In 1882, while still a student, Nathan Birnbaum and two friends formed Europe’s very first Zionist organization, dubbed “Kadimah” (a double entendre indicating movement not only forward, but eastward to Palestine). “My grandfather was the linchpin of the movement. He was the one who coined the term ‘Zionism,’ and set up its first journal, called Selbst-Emancipzion. It wasn’t until 14 years later that Herzl produced Der Judenstadt.”
Nathan Birnbaum also developed an interest in Yiddish literature, organizing the first Yiddish language conference in Czernowitz in 1908. Realizing that Yiddish literature drew its vitality from authentic Judaism, he delved into his spiritual roots, befriending one of the Polish chassidim who came to Vienna during World War I. In the end, Nathan recanted his secular worldview and became a fully observant baal teshuvah, causing no small sensation. “His friends were furious!” Birnbaum chortles. “Everyone was moving away from religion, and here he was moving back!” Switching focus from physical to spiritual ascent, Nathan founded a society he called “Olim,” whose goal was to create a worldwide Jewish spiritual revival. He’d been the first secretary for the World Zionist Organization, but after changing allegiances he later served as secretary-general for the newly founded Agudath Israel.
Nathan’s son Solomon Asher, who inherited his father’s love of Yiddish, became an expert on Yiddish and other Jewish languages, creating the first scientific Yiddish grammar and serving as a professor at the University of Hamburg. “My father was a scholar’s scholar,” Birnbaum claims. “He could grasp the entire structure of a language in a weekend, and he knew everything about early Hebrew lettering. When the Dead Sea Scrolls were found, he was called on to help date them, and despite controversy, his assessments were later confirmed by carbon dating.”

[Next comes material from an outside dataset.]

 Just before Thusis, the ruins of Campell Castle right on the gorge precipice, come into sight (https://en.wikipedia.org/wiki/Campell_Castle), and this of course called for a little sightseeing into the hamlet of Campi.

The rise of Nazism in the 1930s prompted Solomon to take his family to England, but he found it impossible to make a living. “We moved six times in two years,” Birnbaum remembers sadly. “It was awful. In those days nobody knew or understood my father’s research, and there was no department of Judaic Studies to hire him.”

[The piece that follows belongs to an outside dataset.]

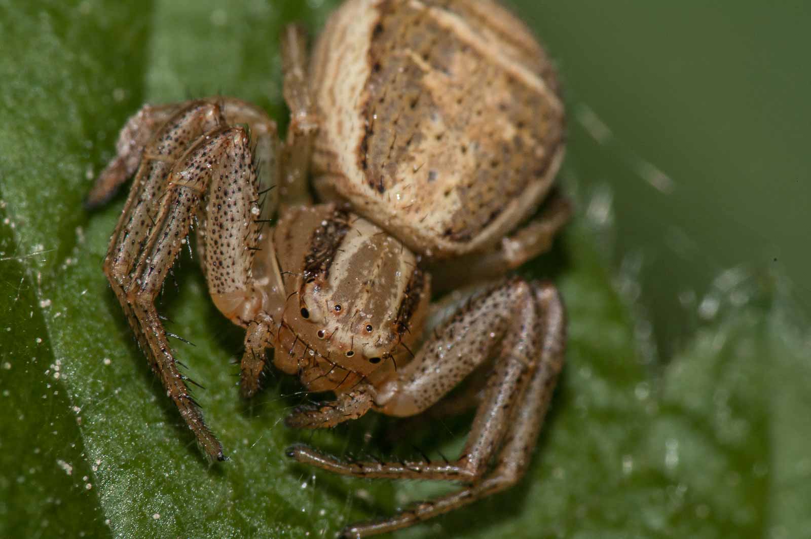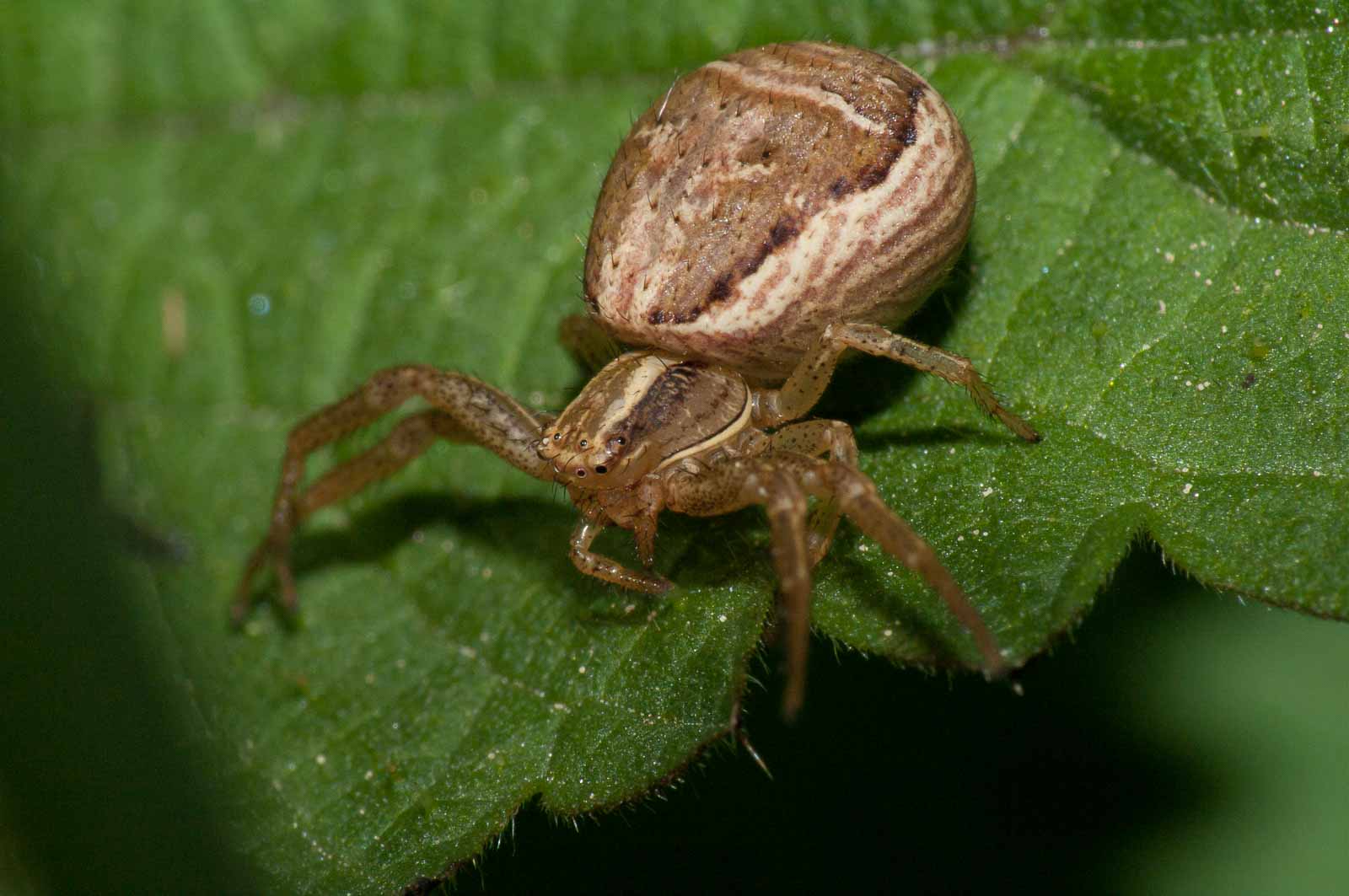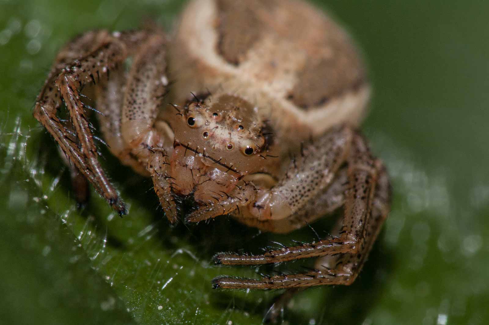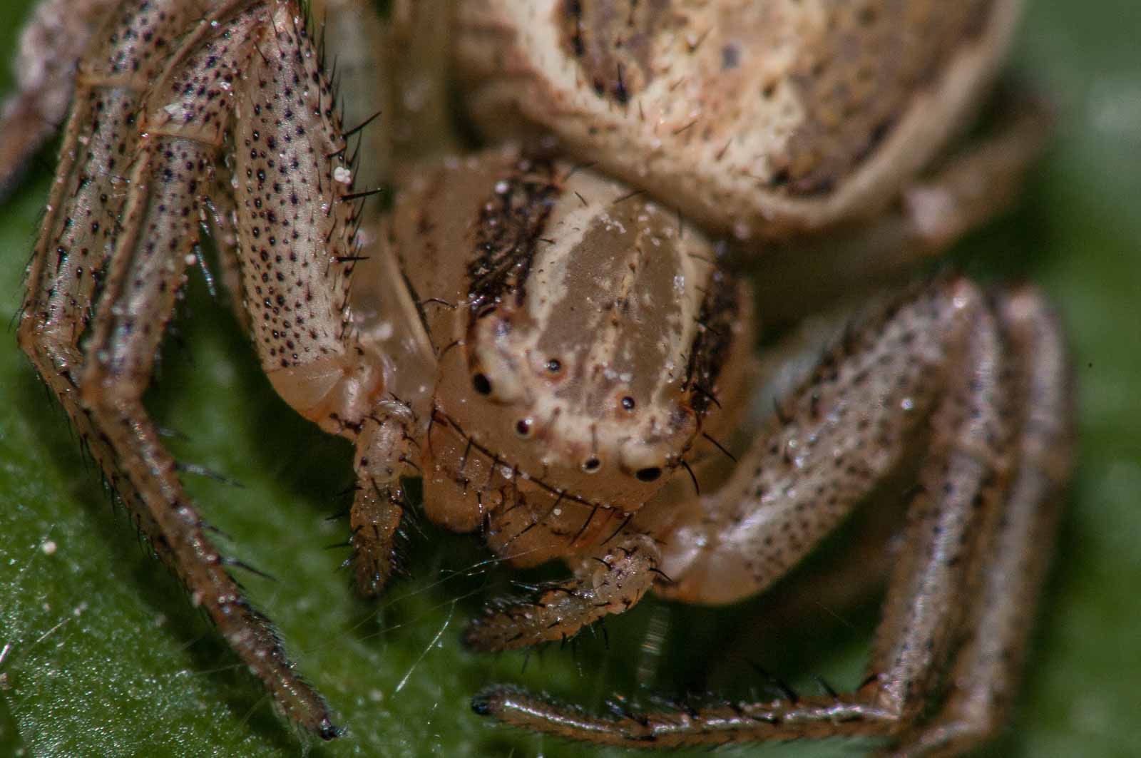 Der Vorderkörper (Prosoma) des Weibchens ist oberseits seitlich dunkelbraun, in der Mitte befindet sich ein breites, hell bräunliches bis blassgelbes Längsband, das einen vorne breiten und nach hinten spitz zulaufenden, also etwa V-förmigen, braunen Fleck umrandet. Der Hinterkörper (Opisthosoma) zeigt auf ebenfalls hellerem Grund eine bräunliche vorne unterbrochene Blattzeichnung und auf dieser hinten drei helle Querbänder. Die Beine sind recht einfarbig hellbeige bis braun und intensiv fein dunkel gefleckt.

One day, a stranger knocked on their kitchen door with a copy of his father’s scientific grammar in hand. “I’m looking for Professor Solomon Birnbaum,” said the man, who was Professor Norman Jopson, a non-Jewish, world-class linguist. Jopson would eventually create two lectureships at London University for Birnbaum’s father, one in Yiddish/Slavonic and the other in Oriental languages. Once the war began, however, Solomon was tapped to work for the Uncommon Languages Department of the British National Censorship in Liverpool. “He read all the terrible letters coming in from the Jews,” Birnbaum says. “He was of course forbidden to speak about his work in detail, but we knew what was happening. Day and night we listened to radio broadcasts of Hitler screaming his curses and threats against the Jews.”
While Solomon Birnbaum was a very academic, non-activist type, when he heard that some Jews in Bergen-Belsen had been spared because they had papers to go elsewhere, he began writing to various governments, asking them to proclaim foreign Jews as their citizens and help them to leave Europe.
After the war, Jacob Birnbaum became involved with social activism for the first time when he helped young survivors who had recently arrived in England.
“About half were concentration camp survivors, and half were Polish Jews who had fled to the Soviet Union and were allowed to leave with their Polish passports,” Birnbaum recalls, adding that those who had fled the Soviet Union gave him his first detailed awareness of life under Communism, impressions that would later help propel him into a life-long career as a communal activist.
Jacob Birnbaum’s achievements where publicly acknowledged in 2006, on his 80th birthday, when the US Congress passed a resolution commemorating his 60 years of vital, game-changing contributions to not only the Jewish community, but to human rights for all.